March 20, 2015 at 1:41 pm
Hi all,
I am trying to write a query that gives me the personal records from speed skaters on e.g. the 500 mtrs.
I do this with the query:
SELECT cdsDistance AS Distance
, prsFirstName
, prsLastName
, min(crtFinalTime) AS MinTime
FROM tb....... INNER JOIN etc..
GROUP BY cdsDistance, prsFirstName, prsLastName
ORDER BY min(crtFinalTime)
In itself this works fine.
However, there are complicating factors. Sometimes a speed skater has multiple PRs, meaning the he/she has the same fastest time more than once.
If these times are achieved on multple days, the 1st date is the official PR. (meaning: "Min of racedate")
If they are raced on the same day the 1st race is the PR (meaning: "Min of distancenumber")
Changing the code to:
SELECT cdsDistance AS Distance
, prsFirstName
, prsLastName
, MIN(crtFinalTime) AS MinTime
, MIN(cdsStartDate) AS RaceDate
, MIN(cdsDistanceNumber) AS DistanceNumber
FROM tb.......
GROUP BY cdsDistance, prsFirstName, prsLastName
ORDER BY min(crtFinalTime)
This gives me the wrong outcome because it gives me the "MIN" of every field, and they are not necessarily on the same row.
An option would be to calculate min(crtFinalTime), if for a person there is more than 1 result, calculate min of date, and then (if there is still more than 1 row) min of distancenumber.
Seems complicated, and I have the feeling there must be a better way (apart from: how to get this code)

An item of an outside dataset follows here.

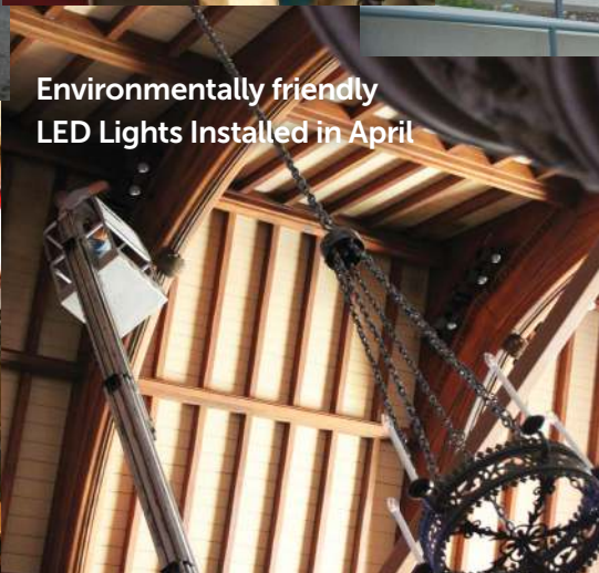
Environmentally friendly LED Lights Installed in April

Stacking subqueries in the FROM statement seems like a option be costly (time wise). There are more than 10 million rows (and growing) to run through.
As an example a few times:
DistanceFirst nameLast name Time Date Distance nr.

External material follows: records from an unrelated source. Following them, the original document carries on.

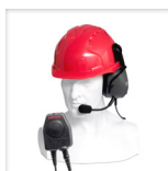
CHP750HS ■ CHP950HS ▲ Hard hat eardefender, submersible PTT

○ Submersible products are represented with a water droplet.
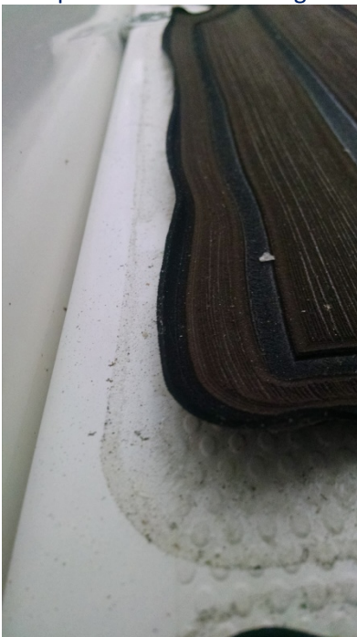
Example of extreme burning
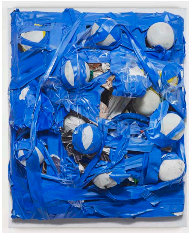
Neil Gall, “Allegory (Bronzino)” (2014), oil on linen, 29.92 x 24.41 inches

Gall’s previous work explored monstrous, creature-like models of taped-together Ping-Pong balls, often posed against plain backgrounds, which called to mind the work of 17 th -century painter Giuseppe Arcimboldo, as well as the mannequins in the Metaphysical paintings of Giorgio de Chirico, the Surrealist landscapes of Salvador Dalí and Yves Tanguy, and the biomorphic dolls of Hans Bellmer, and suggested various sexualized scenarios of bondage. The feeling of bondage in Gall’s work continues in this show, but encompasses the background as well as the figure, and in fact confuses and entangles the two. The drawing “Ghost” (2015), its edges pulled and torqued, approximates a diamond. The tape performs two roles: as a background, it subsumes the figures within it (the white orbs); as part of a three-dimensional model, it also acts as the dominant figure in the composition.

500 Yuya Oikawa 34.49 201311155
500 Yuya Oikawa 34.49 201311153
500 Yuya Oikawa 34.49 201311172
Yuya has 3 best times (34.49), 15-11-2013 is the 1st date, then distance nr 3 is the 1st distance raced. Therefore the 2nd row is the only row I would like to get in my endresult.
Can this be done?
Thanks in advance
Hein
March 22, 2015 at 5:56 am
Quick suggestion, use either rank or row_number, here is a sample with the latter
😎
USE tempdb;
GO
SET NOCOUNT ON;
IF OBJECT_ID(N'dbo.TBL_SAMPLE_SKATER') IS NULL
BEGIN
CREATE TABLE dbo.TBL_SAMPLE_SKATER
(
Distance INT NOT NULL
,FirstName NVARCHAR(50) NOT NULL
,LastName NVARCHAR(50) NOT NULL
,FinishTimeSec NUMERIC(12,3) NOT NULL
,RaceDate DATE NOT NULL
,DistanceNumber INT NOT NULL
);
INSERT INTO dbo.TBL_SAMPLE_SKATER
(
Distance
,FirstName
,LastName
,FinishTimeSec
,RaceDate
,DistanceNumber
)
VALUES
(500,N'Yuya',N'Oikawa',34.49,'2013-11-15',5)
,(500,N'Yuya',N'Oikawa',34.49,'2013-11-15',3)
,(500,N'Yuya',N'Oikawa',34.49,'2013-11-17',2)
;
END
;WITH BASE_DATA AS
(
SELECT
ROW_NUMBER() OVER
(
PARTITION BY SSK.FirstName
,SSK.LastName
,SSK.Distance
ORDER BY SSK.FinishTimeSec ASC
,SSK.RaceDate ASC
,SSK.DistanceNumber ASC
) AS PersonalBest
,SSK.Distance
,SSK.FirstName
,SSK.LastName
,SSK.FinishTimeSec
,SSK.RaceDate
,SSK.DistanceNumber
FROM dbo.TBL_SAMPLE_SKATER SSK
)
SELECT
BD.PersonalBest
,BD.Distance
,BD.FirstName
,BD.LastName
,BD.FinishTimeSec
,BD.RaceDate
,BD.DistanceNumber
FROM BASE_DATA BD
WHERE BD.PersonalBest = 1
;
Results
PersonalBest Distance FirstName LastName FinishTimeSec RaceDate DistanceNumber
------------- ----------- ----------- --------- -------------- ---------- --------------
1 500 Yuya Oikawa 34.490 2013-11-15 3
March 22, 2015 at 1:11 pm
Hallo Eirikur,
Thanks for your reply! I was afraid it would go by unnoticed.
I have used your code and it works flawlessy!
I am fairly new to SQL Server but I also think I understand what you are doing
There is 1 thing I can't figure out, maybe you can help me with that
I have run your code with the desired outcome, after that I have added some record to go into the temp table but the old data (from the 1st run) keeps returning, nothing is added and/or deleted.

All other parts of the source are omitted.